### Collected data

--------------------------------------------------

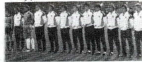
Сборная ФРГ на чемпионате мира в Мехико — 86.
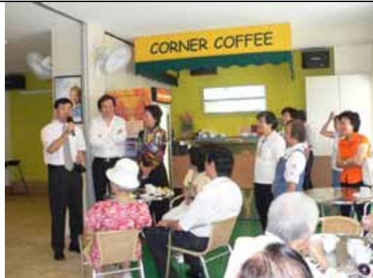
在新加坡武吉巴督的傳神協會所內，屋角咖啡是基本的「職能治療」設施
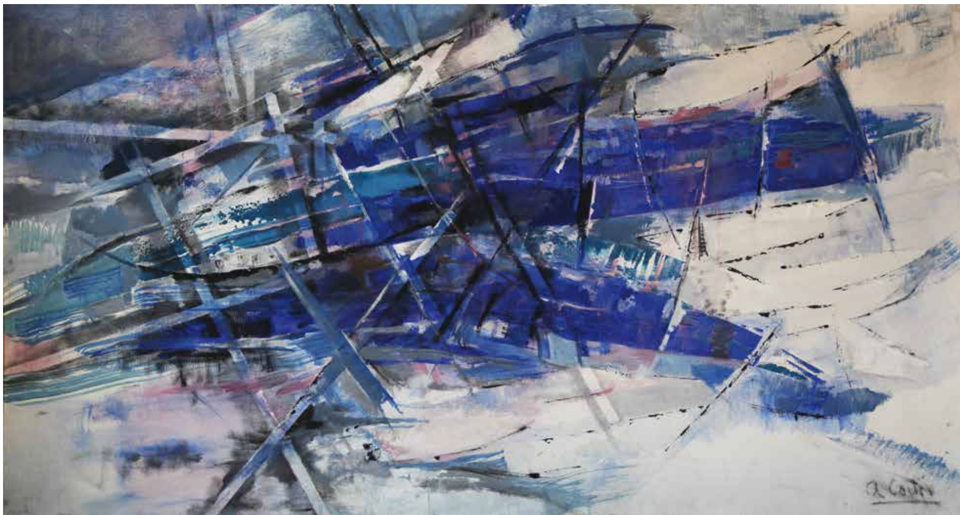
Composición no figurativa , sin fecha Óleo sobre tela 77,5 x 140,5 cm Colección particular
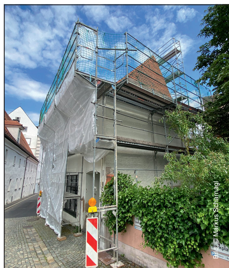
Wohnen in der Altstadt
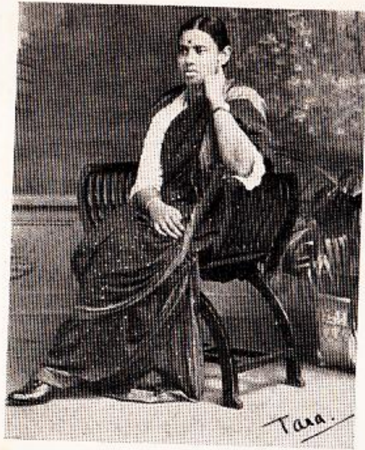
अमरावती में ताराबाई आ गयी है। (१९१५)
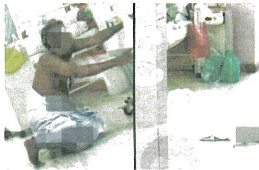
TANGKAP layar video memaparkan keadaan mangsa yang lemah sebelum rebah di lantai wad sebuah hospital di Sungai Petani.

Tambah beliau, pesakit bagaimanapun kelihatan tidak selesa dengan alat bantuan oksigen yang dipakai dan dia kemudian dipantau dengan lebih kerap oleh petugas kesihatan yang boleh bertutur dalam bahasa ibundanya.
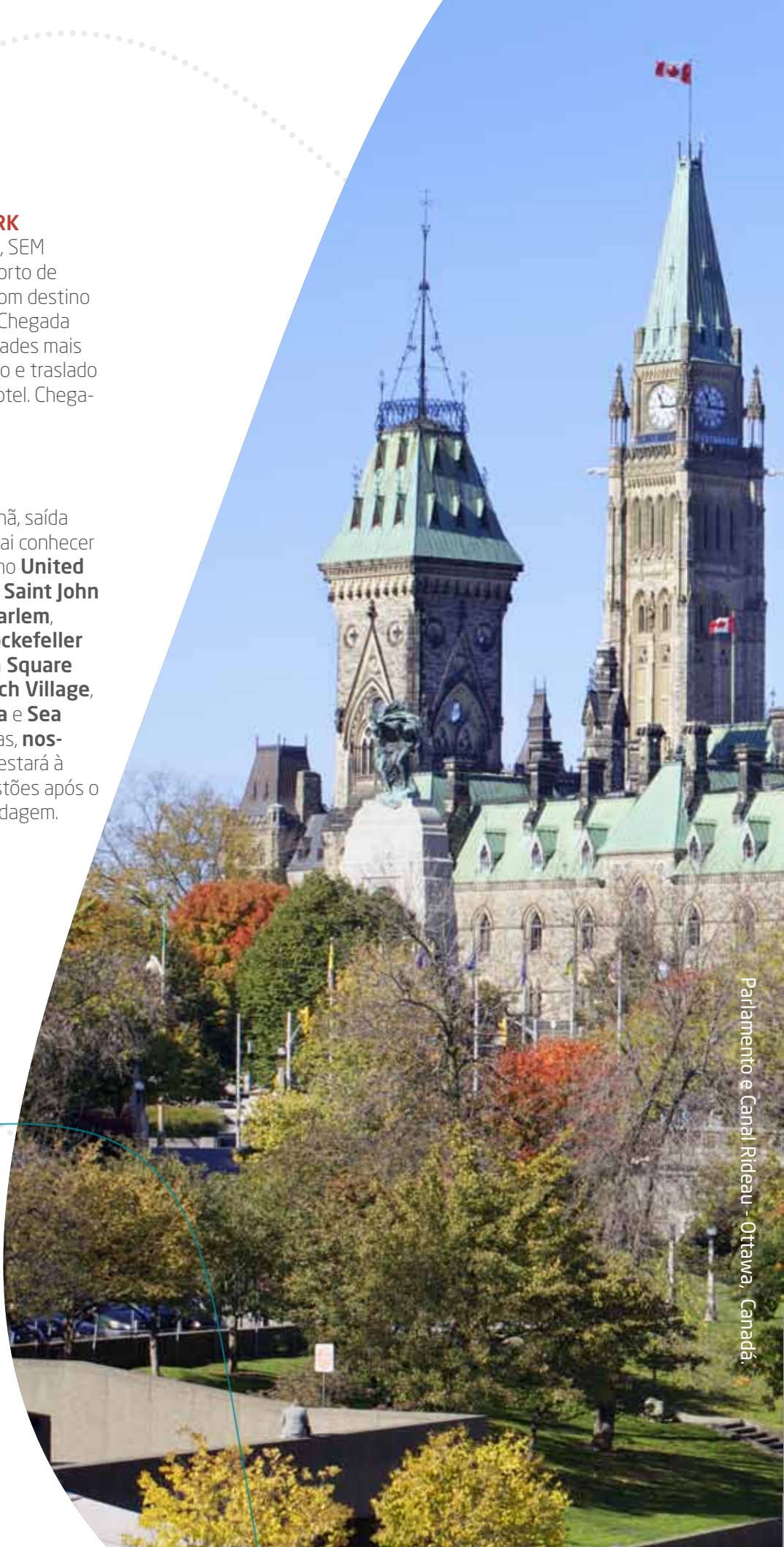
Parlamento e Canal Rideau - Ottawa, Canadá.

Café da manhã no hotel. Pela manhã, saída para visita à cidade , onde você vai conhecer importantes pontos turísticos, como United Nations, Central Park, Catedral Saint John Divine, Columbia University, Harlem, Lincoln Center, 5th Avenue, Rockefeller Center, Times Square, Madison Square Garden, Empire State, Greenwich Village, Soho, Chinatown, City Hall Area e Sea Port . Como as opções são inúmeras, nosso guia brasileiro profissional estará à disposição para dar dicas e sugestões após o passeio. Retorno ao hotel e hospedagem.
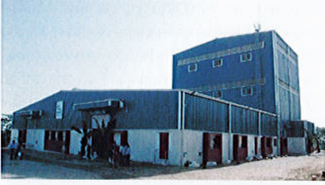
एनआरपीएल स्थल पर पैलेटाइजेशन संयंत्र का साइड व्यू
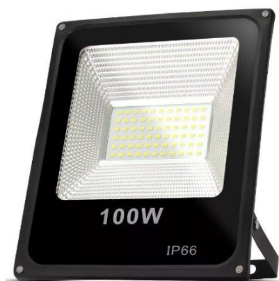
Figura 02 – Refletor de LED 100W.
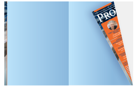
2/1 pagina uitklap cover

--------------------------------------------------

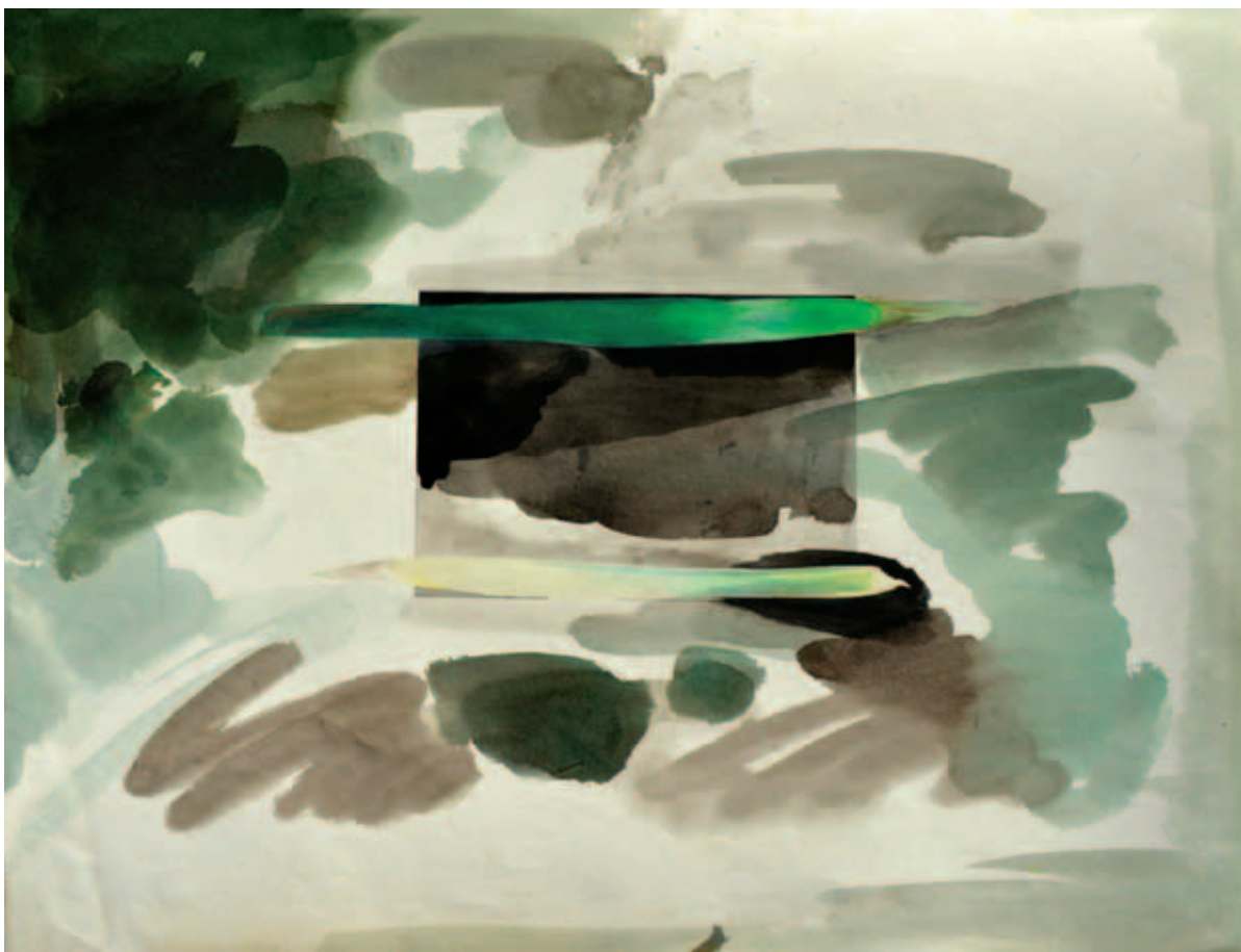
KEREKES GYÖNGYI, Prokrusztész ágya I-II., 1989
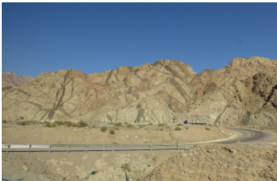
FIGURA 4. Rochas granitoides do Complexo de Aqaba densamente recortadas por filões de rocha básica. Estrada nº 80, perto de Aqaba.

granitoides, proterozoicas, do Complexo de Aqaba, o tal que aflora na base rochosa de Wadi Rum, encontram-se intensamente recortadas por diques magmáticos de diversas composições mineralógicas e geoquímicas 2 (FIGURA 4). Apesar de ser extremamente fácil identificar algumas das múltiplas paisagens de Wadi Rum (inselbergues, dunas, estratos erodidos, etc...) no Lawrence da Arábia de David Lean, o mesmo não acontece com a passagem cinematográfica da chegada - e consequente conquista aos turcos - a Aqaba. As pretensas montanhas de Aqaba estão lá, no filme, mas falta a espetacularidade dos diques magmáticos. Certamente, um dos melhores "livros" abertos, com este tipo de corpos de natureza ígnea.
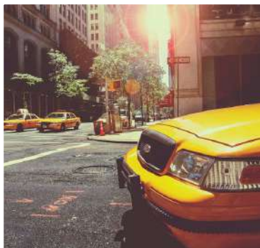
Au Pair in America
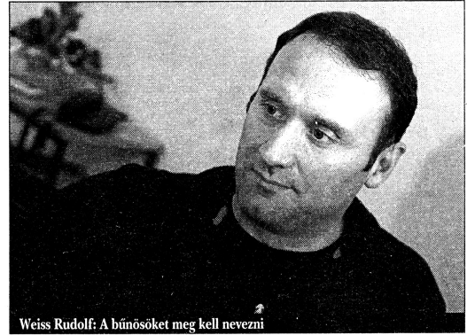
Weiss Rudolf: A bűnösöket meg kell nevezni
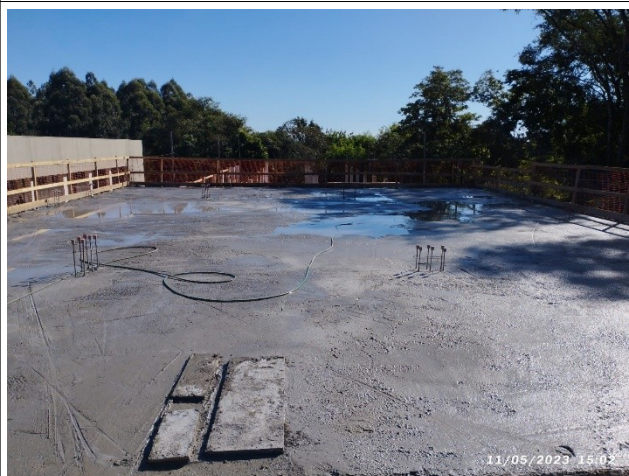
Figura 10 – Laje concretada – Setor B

--------------------------------------------------

### Aim of the exercise
If the string "yang" appears in a line of the data above, that line counts. State how many such lines there are and nothing more.

### Exercise response
2